▶ Entries provided
○ ○ ○ ○

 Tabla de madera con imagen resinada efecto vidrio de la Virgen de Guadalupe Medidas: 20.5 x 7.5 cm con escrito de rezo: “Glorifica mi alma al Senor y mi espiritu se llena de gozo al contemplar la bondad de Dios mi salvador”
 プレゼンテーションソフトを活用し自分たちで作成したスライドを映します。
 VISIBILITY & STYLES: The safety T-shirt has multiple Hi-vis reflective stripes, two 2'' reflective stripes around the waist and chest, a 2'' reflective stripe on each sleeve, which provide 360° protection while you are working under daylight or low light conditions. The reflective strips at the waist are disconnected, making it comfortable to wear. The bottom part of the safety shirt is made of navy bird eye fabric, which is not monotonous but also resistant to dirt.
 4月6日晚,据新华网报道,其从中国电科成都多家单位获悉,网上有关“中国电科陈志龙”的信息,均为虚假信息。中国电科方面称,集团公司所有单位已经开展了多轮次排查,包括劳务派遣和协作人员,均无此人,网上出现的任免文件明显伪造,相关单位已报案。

○ ○ ○ ○

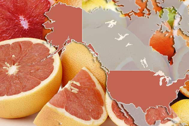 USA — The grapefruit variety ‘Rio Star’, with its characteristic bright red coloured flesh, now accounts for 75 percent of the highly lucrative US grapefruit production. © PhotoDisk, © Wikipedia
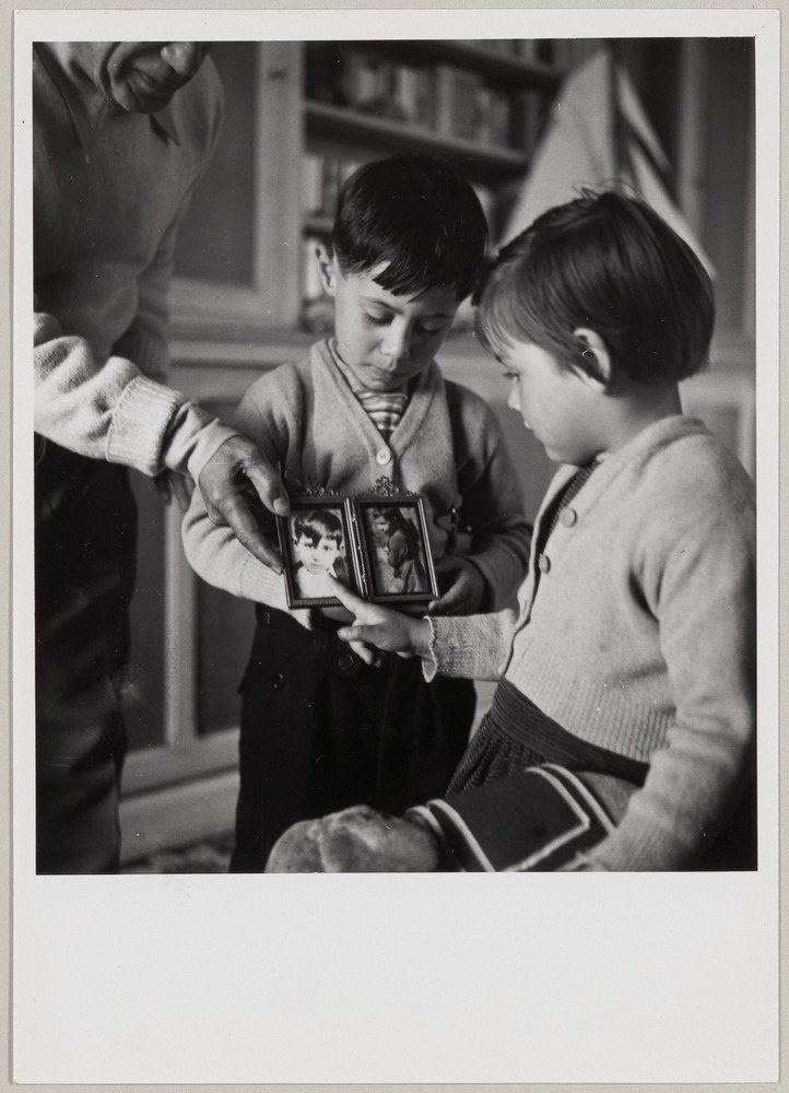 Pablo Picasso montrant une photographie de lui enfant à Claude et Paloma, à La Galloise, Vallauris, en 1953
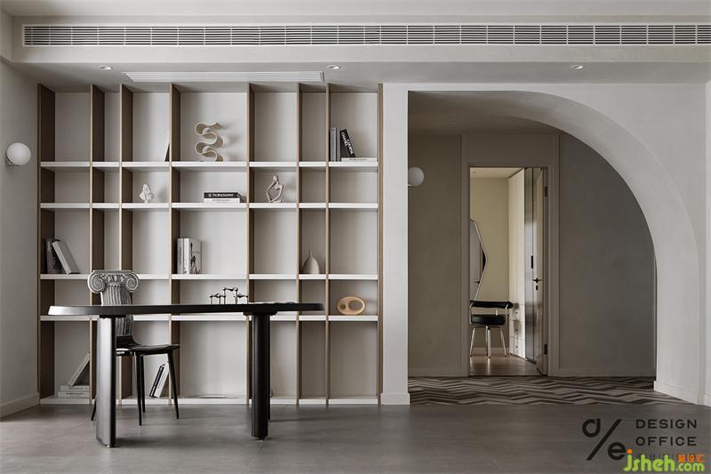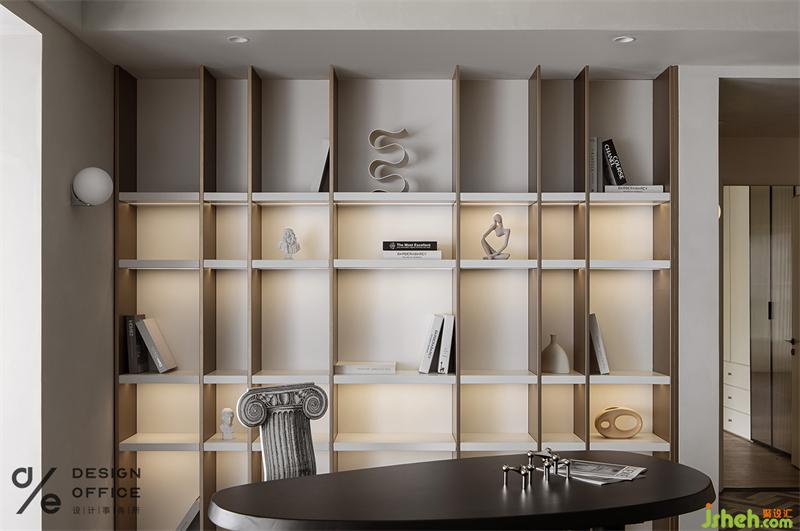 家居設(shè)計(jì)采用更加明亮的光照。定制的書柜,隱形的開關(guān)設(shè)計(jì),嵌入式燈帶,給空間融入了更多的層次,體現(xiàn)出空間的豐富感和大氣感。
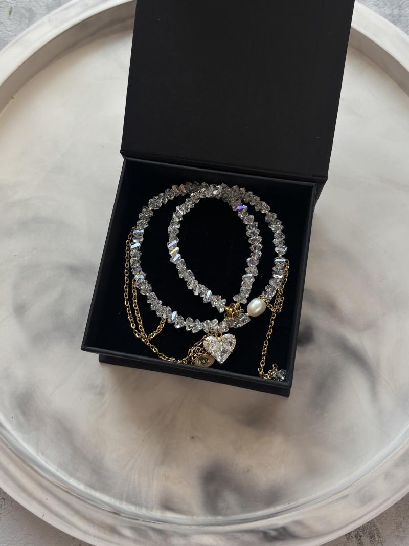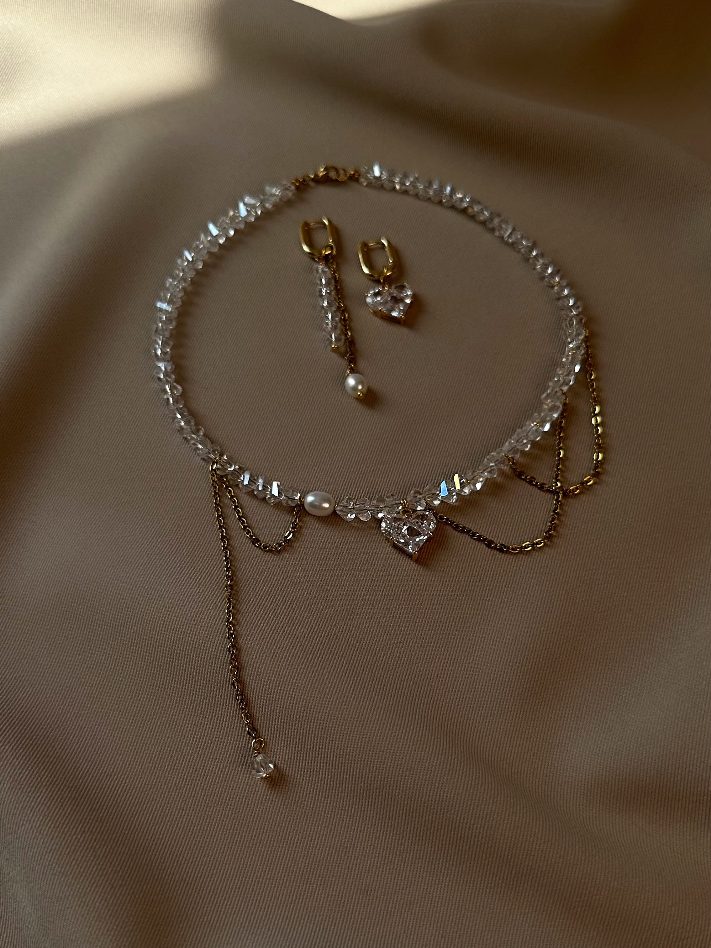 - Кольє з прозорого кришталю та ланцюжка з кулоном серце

○ ○ ○ ○

▶ Requirement
The answer is those lines of the material above that run from the one containing "家居設(shè)計(jì)采" up to and including the one containing "- Кольє з прозорого", restated exactly and without images.

▶ Your response
 家居設(shè)計(jì)采用更加明亮的光照。定制的書柜,隱形的開關(guān)設(shè)計(jì),嵌入式燈帶,給空間融入了更多的層次,體現(xiàn)出空間的豐富感和大氣感。
 - Кольє з прозорого кришталю та ланцюжка з кулоном серце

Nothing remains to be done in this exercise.